How much more helpful to simply:

a) Identify the feelings: “I see two children who are angry at each other.”

b) Identify the conflict: “Hmmm. Shayna, you were playing with it, then Michael wanted to play too. Wow. This is tough. Both of you wanting to play with the same toy now.”

c) Throw it back: “If you think hard together, I know you can find a fair solution.” Then, get “outta” there.

I hear you groaning, “Right.” But, believe it or not, most children, when you show them you have confidence in their ability to work things out will figure it out! And you’ve managed to avoid the fall-out and charges of favoritism that come with being the mommy-in-the-middle.

3. Stopping the bully/victim cycle

In many sibling relationships a “bully” vs. “victim” cycle develops. How often have we heard these words between them: “If you don’t get out, I’ll ....” as the “bully” threatens or grabs, while the “victim” withers, whines, tattle-tales, and looks to us to punish the offender? This is a rough one, as our sympathies are often with the victim.

For example, David, 10, is hitting his 8-year-old sister’s boombox, threatening, “If you don’t get out of here, Anna, I’ll smash it!!” while Anna is hysterical. Rather than saying: “David! You’re bullying again! Knock it off!” it’s more helpful to say, “No teasing or smashing! You know how to ask for what you want without nicely, and I expect you to do it right now.”

As for the “victim,” instead of going the “poor baby” route, the task here is to help her learn to stand up for herself. Comments such as: “You can tell your brother ‘I got it for my birthday. It’s my toy’” or, “If he teases you with a mean face, tell him ‘You don’t scare me!’”

Teaching our little ones that bullying is unacceptable and they need not be “victims” prepares them to behave in a civilized manner with confidence.

4. When the bigger stuff gets out of hand

In a perfect world, the above will work, but as we know, at times things may spiral out of control, and of course we must step in to avoid a potentially dangerous situation!

For example, you hear screaming and find your 9-year-old twin boys clobbering one another. First, inquire: “Is this a real or ‘play’ fight?” (Play fighting is allowed only by mutual consent. Real fights are not.) If you quickly determine they’re out for blood, describe it: “I see two furious boys who may hurt each other.” Then, separate them, saying, “This is NOT safe. You both need to cool down. Quick, to your rooms (or other separate areas), now!”

Sometimes intervention is needed.

5. The “Meeting Hall”

Among sibs, there are persistent triggers in specific situations. Your Eli, 14, babysits when you go out for short hops, but becomes a mega-macher, ordering his 12-year-old sister, Becca, around, and calling the shots over everything from TV viewing to iPad apps.
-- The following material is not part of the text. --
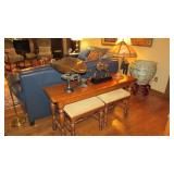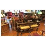 Jenior Appraisals & Liquidations, LLC PRESENTS: “The Bayer Collection” 1091 Sand Run Road Akron, Ohio 44313 Directions: I-77 North to White Pond Drive exit. In less than one mile, turn Right onto Frank Blvd. Then, in less than a half mile, turn Left onto West Market Street. Then, in approximately a half mile, turn Right onto Sand Run Road for approximately 2 miles. (Watch for JENIOR signs). Thursday November 6, from 10:00 a.m. – 4:00 p.m. Friday November 7, from 10:00 a.m. – 4:00 p.m. Saturday November 8, from 10:00 a.m. – 4:00 p.m. Sunday November 9, from 10:00 a.m.—4:00 p.m. * Please note: NO PARKING ON SAND RUN ROAD. Parking permitted on surrounding side streets ONLY. Please be respectful of the neighborhoods, keep vehicle tires on the pavement, and do not block driveways or fire hydrants.* -Akron Police will be present for parking instructions. Quality Antique & Traditional Furniture: Impressive selection of quality antique American and European furniture purchased at fine antique galleries throughout the country as well as quality designer furniture supplied by design firms such as Chet Edwards, Chez-Del, Dan West, Sedlak, and more; antique English heavily carved bombe form bureau (drop front desk); antique 18th century Louis XIV fauteuil (arm chair) with needlepoint; (2) Queen Anne-style wing chairs with flame stitch fabric (from Chez-Del); Dutch-style carved and lighted display cabinet; glass top cocktail table with x-stretcher base and brass finials; Yorkshire House INC English ottoman; Wright Table Co. Chinese Chippendale-style console / sofa table; selection of vintage carved mahogany accent tables; antique carved Asian accent table with red lacquer finish and marble top; Savonarola-style bench with custom cushion; antique carved Gothic-style arm chair with linenfold carvings; (2) antique carved and upholstered Italian Renaissance-style arm chairs; oak butler’s style cocktail table; Henredon carved wing chair with leather and nail heads; (2) navy blue leather sofas; antique Indian low table with wrought iron accents; American of Martinsville oak credenza with parquetry doors; unique hand painted octagonal accent table; antique English heavily carved oak handkerchief table, circa early 19th century; oak ottoman with brass escutcheons and woven black leather top; Link-Taylor oak console / sofa table; (2) Link-Taylor oak ottomans with suede top and nail head trim; (4) deep cobalt blue vinyl upholstered and wooden swivel bar stools (counter height); vintage 2-drawer depression-era drop front secretary desk; wrought iron and wooden round dinette table with faux marble top and (4) wrought iron, oak, and caned chairs (purchased at Chez-Del); vintage bench with rush seat; vintage tea carts; Antique heavily carved French Renaissance Revival-style 2-piece sideboard; antique walnut 54” round dining table with (4) leaves; selection of vintage and antique dining side chairs; Sligh Mahogany grandfather clock (model 0943-1-CM); antique heavily carved Italian Renaissance-style arm chair; heavily carved Chippendale-style marble top console / sofa table (finished on all sides); Bombay Co. flip top extending console / sofa table; wicker console / sofa table with glass top; (2) octagonal glass top accent tables with ornate etched patinated metal bases; vintage faux bamboo barrel back arm chair with caned back; carved “rope and tassel” arm chair; Maitland-Smith Regency-style hand painted Carlton House desk; gate leg table with drawer; heavily carved Chippendale-style cocktail table with verde marble top; vintage Jacobean-style carved credenza; antique carved Jacobean-style oak arm chair; Bernhardt Furniture Co. carved Chippendale-style console / sofa table with beveled glass top; (2) Bernhardt Furniture Co. carved Chippendale style ottomans with upholstered seats; carved Chippendale-style settee; vintage wooden book stand; selection of antique carved arm chairs; (2) Henredon striped damask upholstered sofas; Chinoiserie ebonized and painted lighted breakfront cabinet; vintage ornate 3-tier gilt metal stand; ornate patinated metal and granite pedestal; carved Asian-style plant stand with marble top; heavily carved Asian-style arm chair with serpents; Gothic-style tooled leather clad accent table with iron legs; antique Middle Eastern carved cabinet; wooden etagere; selection of unique tilt-top tables from hand painted to inlaid; (2) carved and upholstered arm chairs; ornate metal and eglomise art easel; Charles Stewart Company damask upholstered sofa with nail head trim; Thomasville Queen Anne-style leather arm chair; mahogany partner’s desk; vintage high back arm chair with faux black leather and brass finials; selection of designer accent tables with custom cloths; antique Asian tansu chest; vintage Asian apothecary chest; vintage Drexel 9-drawer dresser; carved oak armchair with tapestry; antique continental heavily carved trunk; Lane armoire; ornate iron king canopy bed (purchased at Chez-Del); antique Victorian marble top parlor table; carved French Country-style bench with rush seat; Drexel 5-drawer chest; vintage Imperial of Grand Rapids hand painted accent chest; antique small oval Victorian marble top table; Henredon armchair with Southwestern-style fabric; “Sitting Pretty” power lifting recliner (recently purchased and never used); Asian-style gilt metal cocktail table with round glass top; vintage oak bedroom furniture by Thomasville including dresser with mirrors, full/queen headboard, and bedside chest; vintage spinet desk with chair; Henredon oversized damask upholstered carved wing chair with ottoman; faux leather arm chair; Ficks Reed rattan furniture including round glass top dinette table with (4) chairs, (2) loveseats, (2) arm chairs, and round glass top cocktail table; Henredon bureau plat (writing desk); Sherrill carved Chippendale-style console / sofa table; vintage drop front secretary with bookcase top; antique Jacobean-style oak carved accent table;

If she disobeys, he pinches her.

  1. Call a family meeting to discuss the situation.
     
  2. Invite each child to express his or her feelings and concerns.
     
  3. Write them down and read them aloud to make sure you’re all on the same page.
     
  4. Ask the kids to offer fair solutions, then write them all, without judgment.
     
  5. Establish the final rules with them. For example: “No bosses.” “No hurting.” Devise a TV schedule, along with suitable apps that Becca may choose from without interference from her brother.
     
  6. Follow-up a week later to see if all are satisfied with the new strategy in place.

Just imagine brothers and sisters growing up in homes where hurting isn’t tolerated; where children learn to negotiate fairly; and where cooperation rather than competition is encouraged. From such a home, they will have the tools and the confidence to grow together, rather than apart.